• **Exercise objective**:
In the entries that follow, the lines from the line containing "2022年,辛纳被Gucci" up to and including the line containing "假如,我们能站在冰冷的木星月" must be copied exactly, with pictures omitted.

• **Dataset extract**:

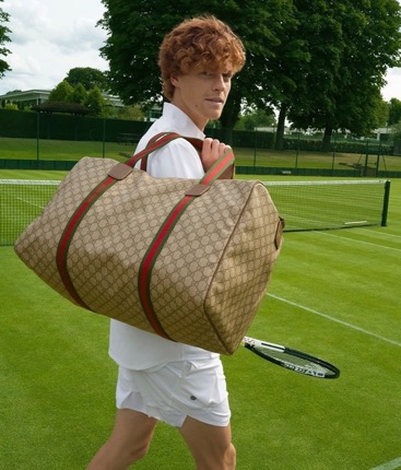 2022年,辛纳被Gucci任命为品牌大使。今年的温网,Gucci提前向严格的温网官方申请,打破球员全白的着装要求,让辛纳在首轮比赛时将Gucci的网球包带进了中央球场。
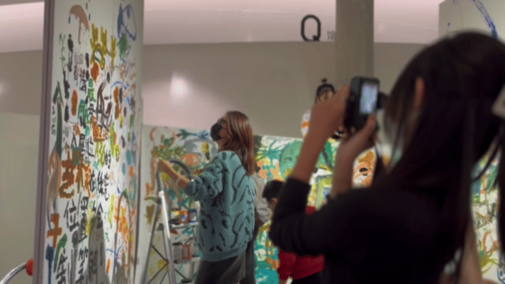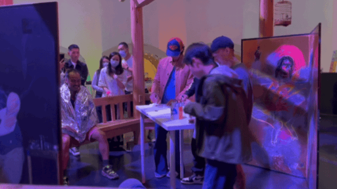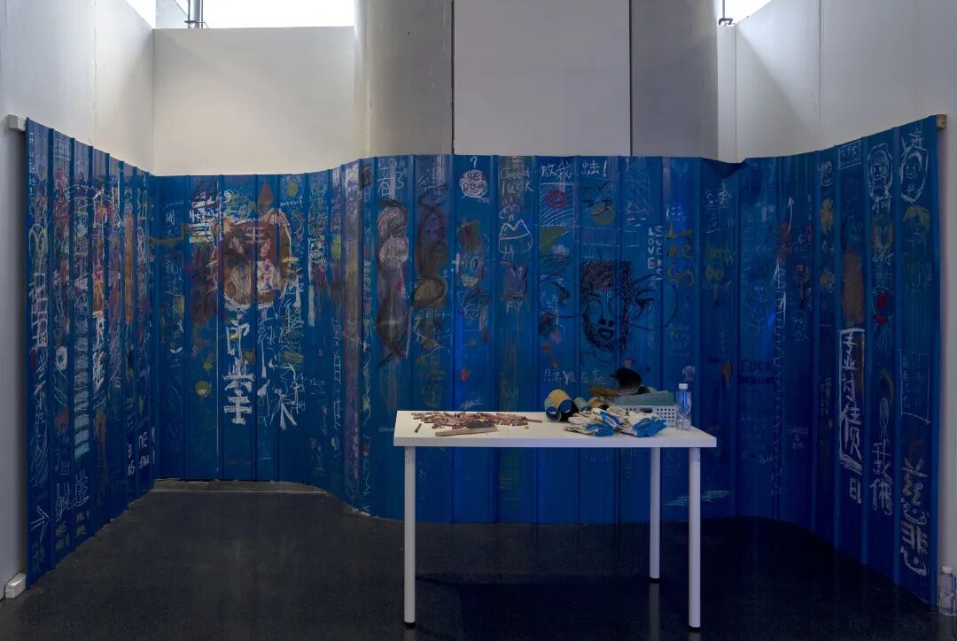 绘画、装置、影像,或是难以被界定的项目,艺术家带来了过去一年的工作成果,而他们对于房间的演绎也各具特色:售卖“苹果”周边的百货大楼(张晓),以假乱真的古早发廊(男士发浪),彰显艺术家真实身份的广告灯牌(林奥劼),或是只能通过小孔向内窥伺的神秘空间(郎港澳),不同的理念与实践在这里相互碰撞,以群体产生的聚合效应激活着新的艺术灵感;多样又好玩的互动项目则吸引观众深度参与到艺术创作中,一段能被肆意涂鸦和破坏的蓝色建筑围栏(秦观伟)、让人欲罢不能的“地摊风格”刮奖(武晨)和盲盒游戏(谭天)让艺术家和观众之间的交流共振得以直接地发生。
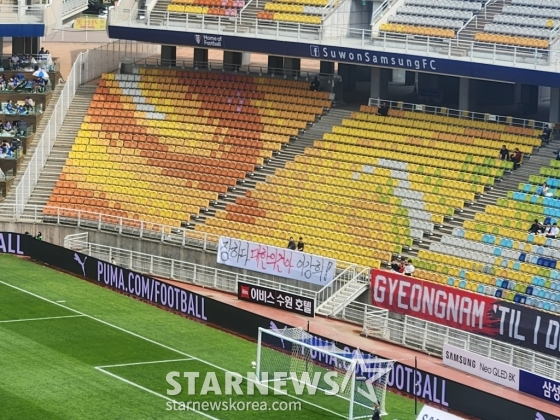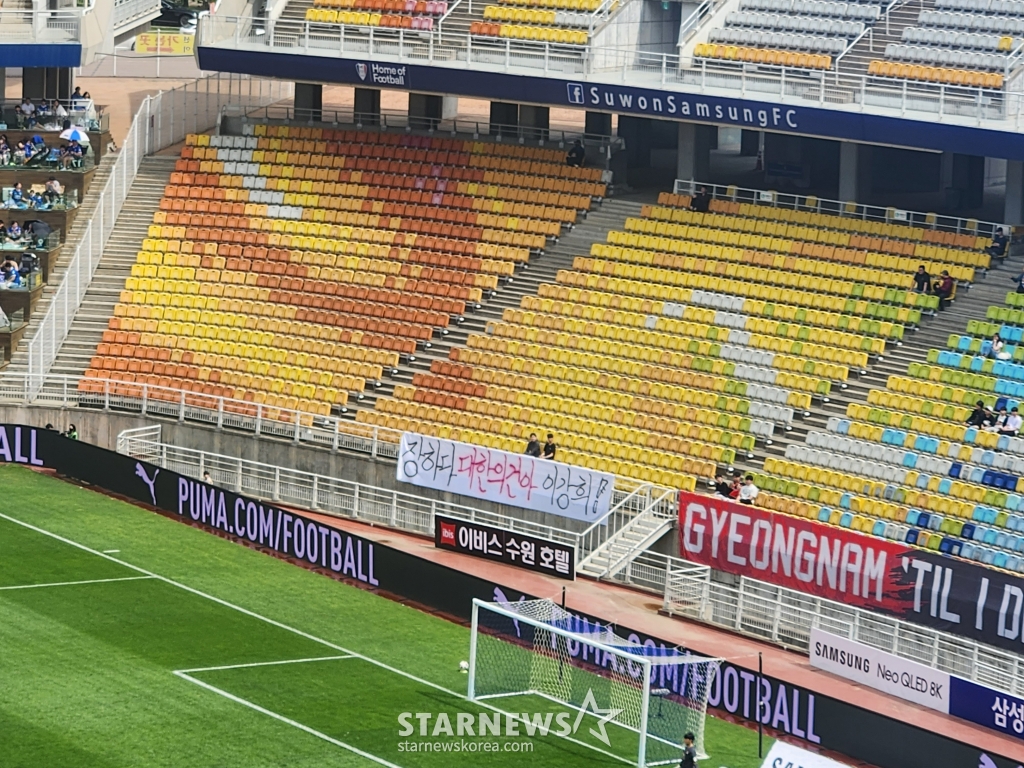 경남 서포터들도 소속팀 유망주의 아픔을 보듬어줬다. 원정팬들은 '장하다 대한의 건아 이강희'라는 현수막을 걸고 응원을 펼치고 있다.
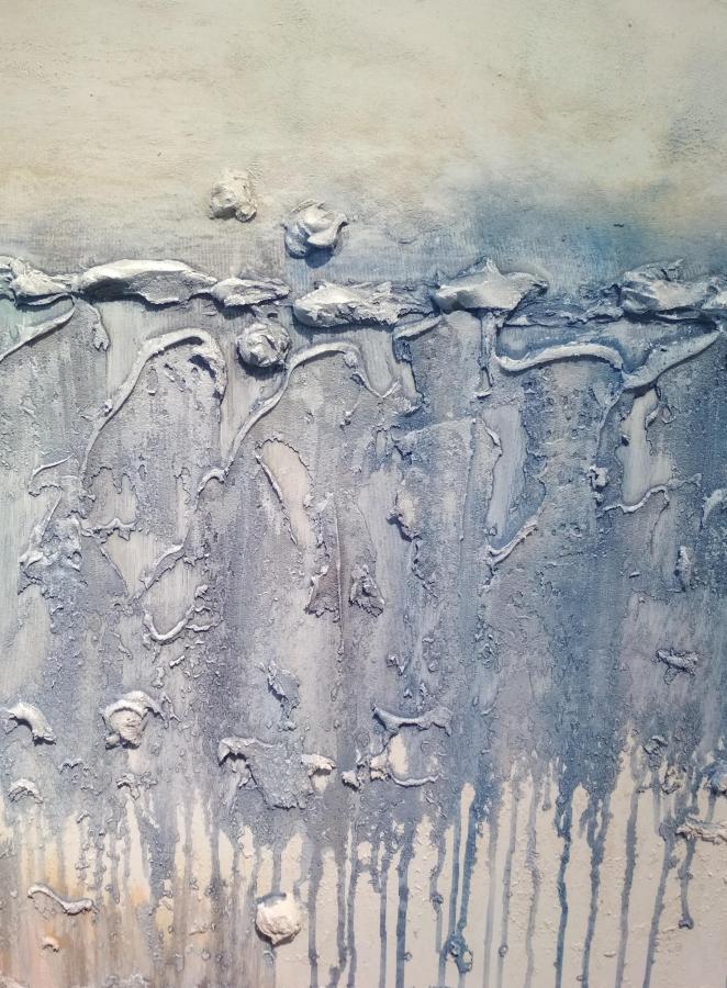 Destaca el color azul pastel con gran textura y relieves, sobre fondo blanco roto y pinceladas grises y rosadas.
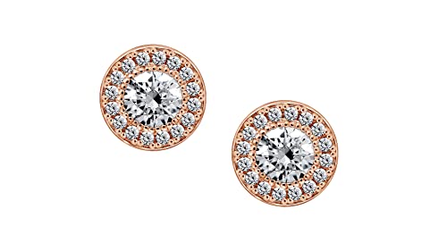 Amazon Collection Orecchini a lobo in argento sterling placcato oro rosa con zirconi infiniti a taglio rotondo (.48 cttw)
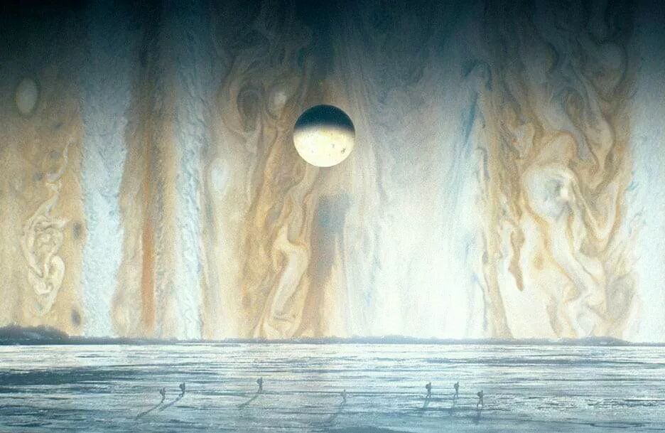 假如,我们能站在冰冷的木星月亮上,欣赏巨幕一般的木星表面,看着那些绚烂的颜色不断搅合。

* * *

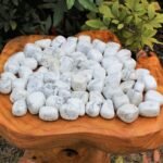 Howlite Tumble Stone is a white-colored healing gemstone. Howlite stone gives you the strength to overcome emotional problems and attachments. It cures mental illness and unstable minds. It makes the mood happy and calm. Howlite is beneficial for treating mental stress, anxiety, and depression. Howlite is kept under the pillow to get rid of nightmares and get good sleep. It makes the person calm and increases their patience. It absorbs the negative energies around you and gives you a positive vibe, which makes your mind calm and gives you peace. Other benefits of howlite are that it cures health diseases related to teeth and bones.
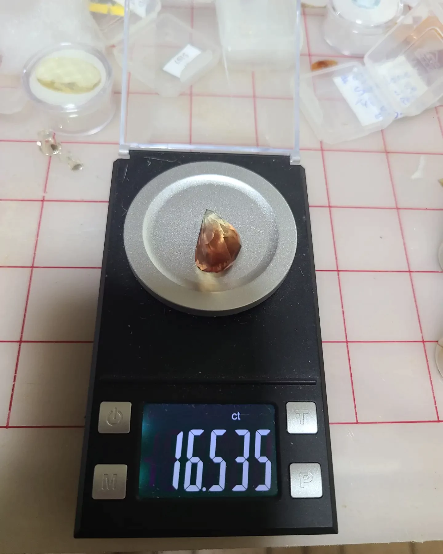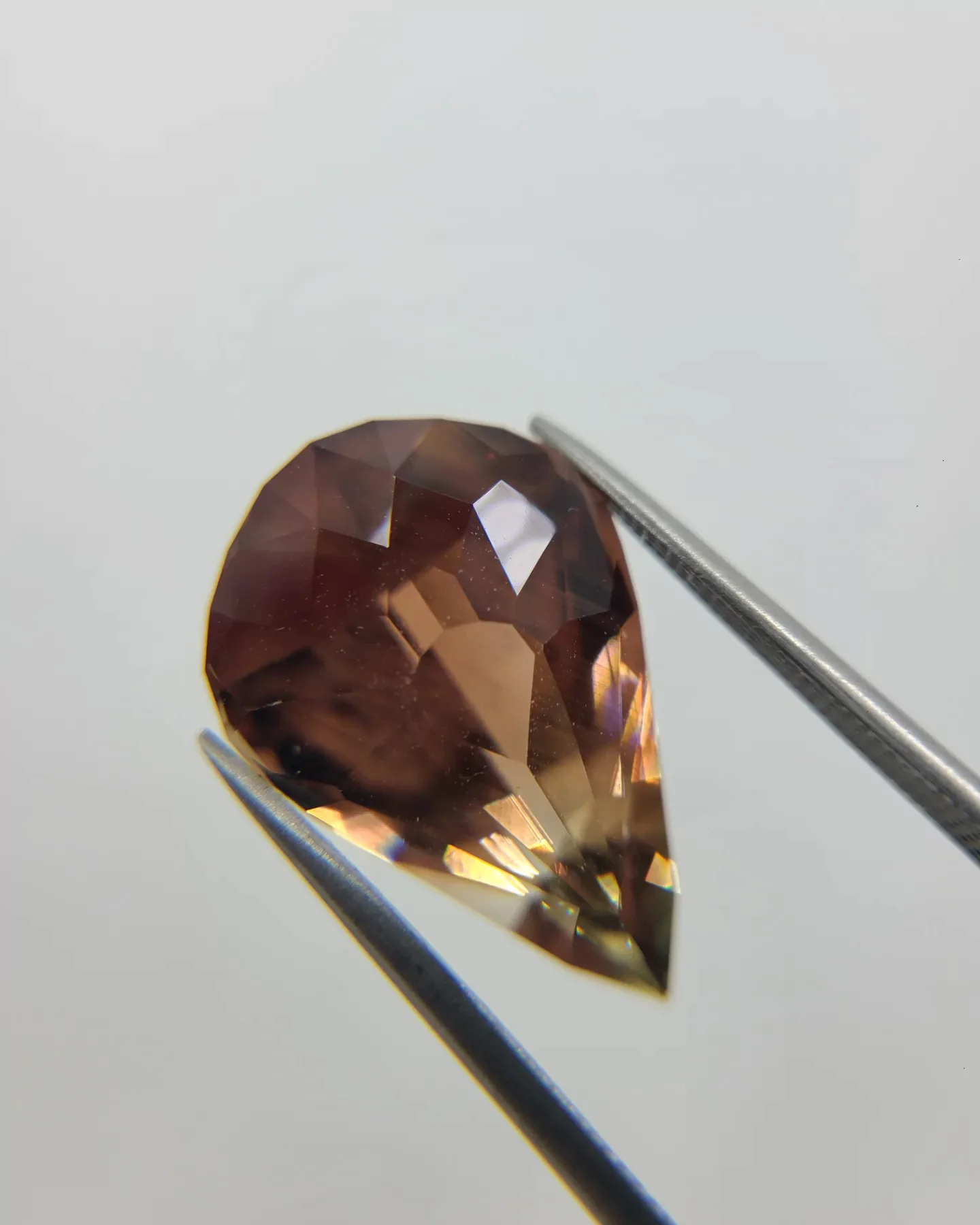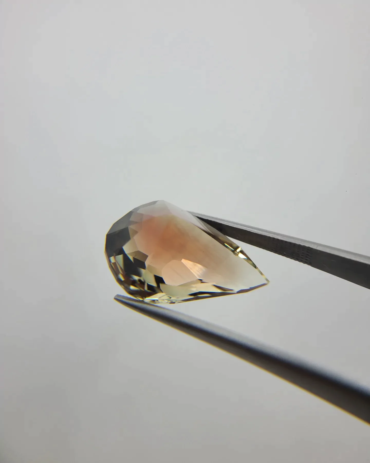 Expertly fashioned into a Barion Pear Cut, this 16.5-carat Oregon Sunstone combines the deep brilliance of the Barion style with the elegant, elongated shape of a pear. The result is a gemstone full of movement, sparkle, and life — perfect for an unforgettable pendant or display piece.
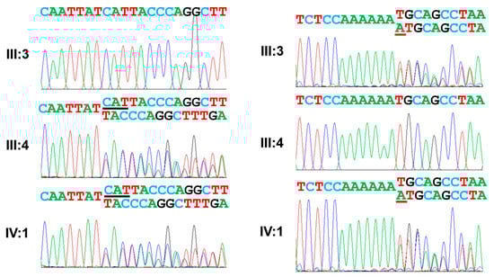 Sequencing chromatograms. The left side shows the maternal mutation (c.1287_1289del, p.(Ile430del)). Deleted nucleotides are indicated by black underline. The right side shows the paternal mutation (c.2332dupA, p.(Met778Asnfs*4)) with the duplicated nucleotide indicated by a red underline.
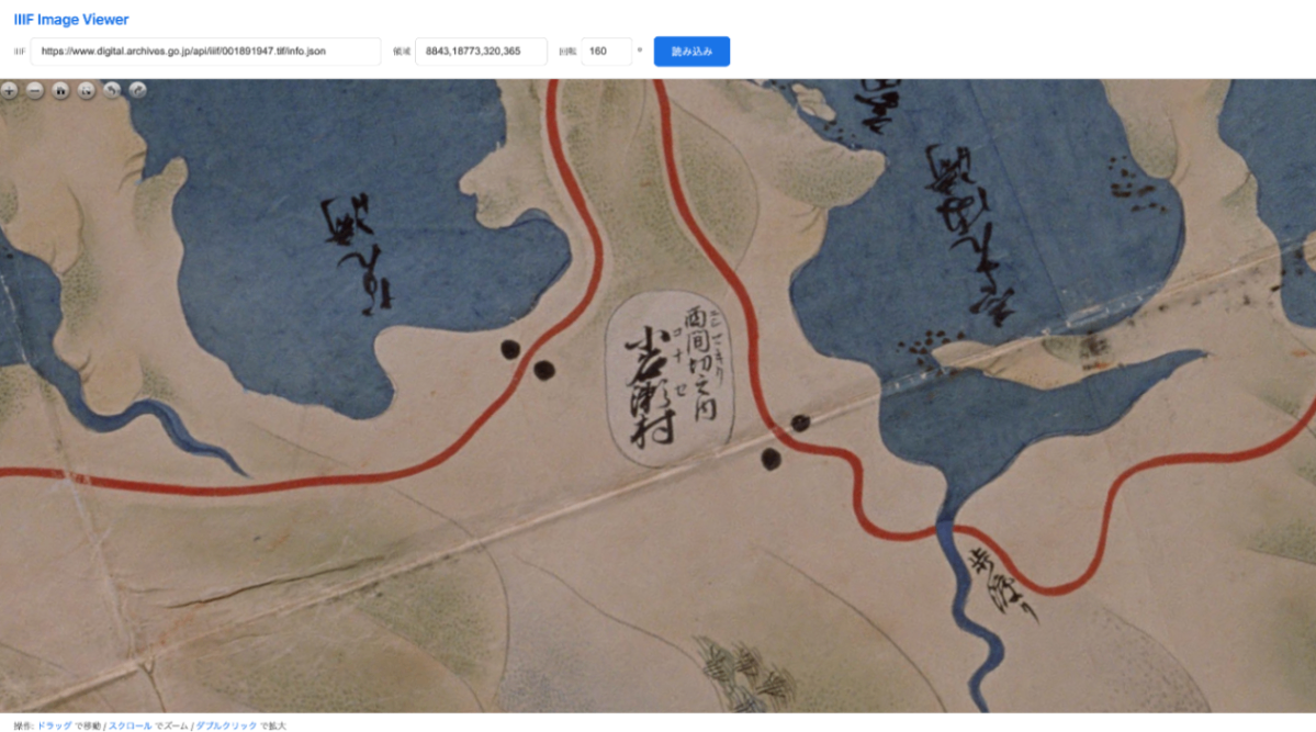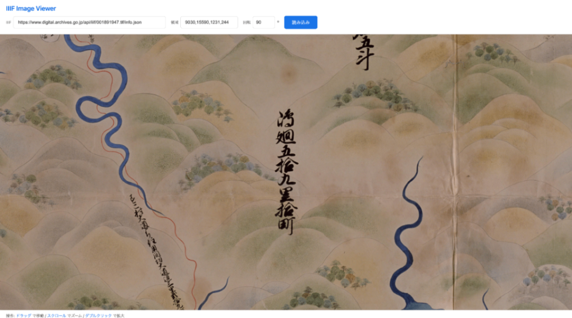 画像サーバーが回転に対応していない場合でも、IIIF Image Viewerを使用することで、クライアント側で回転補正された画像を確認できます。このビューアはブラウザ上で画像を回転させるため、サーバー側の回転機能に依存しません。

* * *

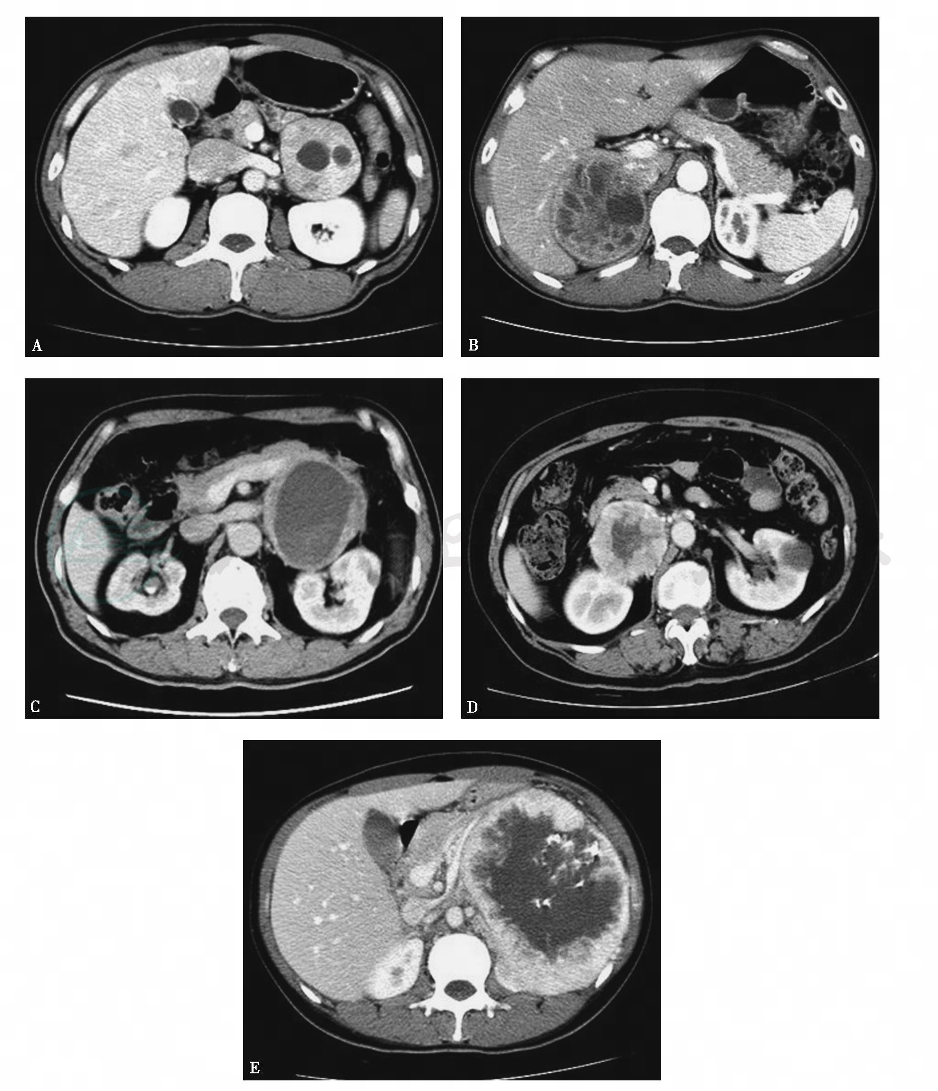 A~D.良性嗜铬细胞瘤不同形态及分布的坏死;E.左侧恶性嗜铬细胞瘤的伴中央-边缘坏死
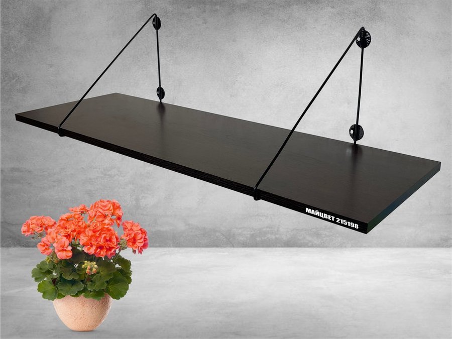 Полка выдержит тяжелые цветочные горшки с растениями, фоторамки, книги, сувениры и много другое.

• **Reply to the task**:
 2022年,辛纳被Gucci任命为品牌大使。今年的温网,Gucci提前向严格的温网官方申请,打破球员全白的着装要求,让辛纳在首轮比赛时将Gucci的网球包带进了中央球场。
 绘画、装置、影像,或是难以被界定的项目,艺术家带来了过去一年的工作成果,而他们对于房间的演绎也各具特色:售卖“苹果”周边的百货大楼(张晓),以假乱真的古早发廊(男士发浪),彰显艺术家真实身份的广告灯牌(林奥劼),或是只能通过小孔向内窥伺的神秘空间(郎港澳),不同的理念与实践在这里相互碰撞,以群体产生的聚合效应激活着新的艺术灵感;多样又好玩的互动项目则吸引观众深度参与到艺术创作中,一段能被肆意涂鸦和破坏的蓝色建筑围栏(秦观伟)、让人欲罢不能的“地摊风格”刮奖(武晨)和盲盒游戏(谭天)让艺术家和观众之间的交流共振得以直接地发生。
 경남 서포터들도 소속팀 유망주의 아픔을 보듬어줬다. 원정팬들은 '장하다 대한의 건아 이강희'라는 현수막을 걸고 응원을 펼치고 있다.
 Destaca el color azul pastel con gran textura y relieves, sobre fondo blanco roto y pinceladas grises y rosadas.
 Amazon Collection Orecchini a lobo in argento sterling placcato oro rosa con zirconi infiniti a taglio rotondo (.48 cttw)
 假如,我们能站在冰冷的木星月亮上,欣赏巨幕一般的木星表面,看着那些绚烂的颜色不断搅合。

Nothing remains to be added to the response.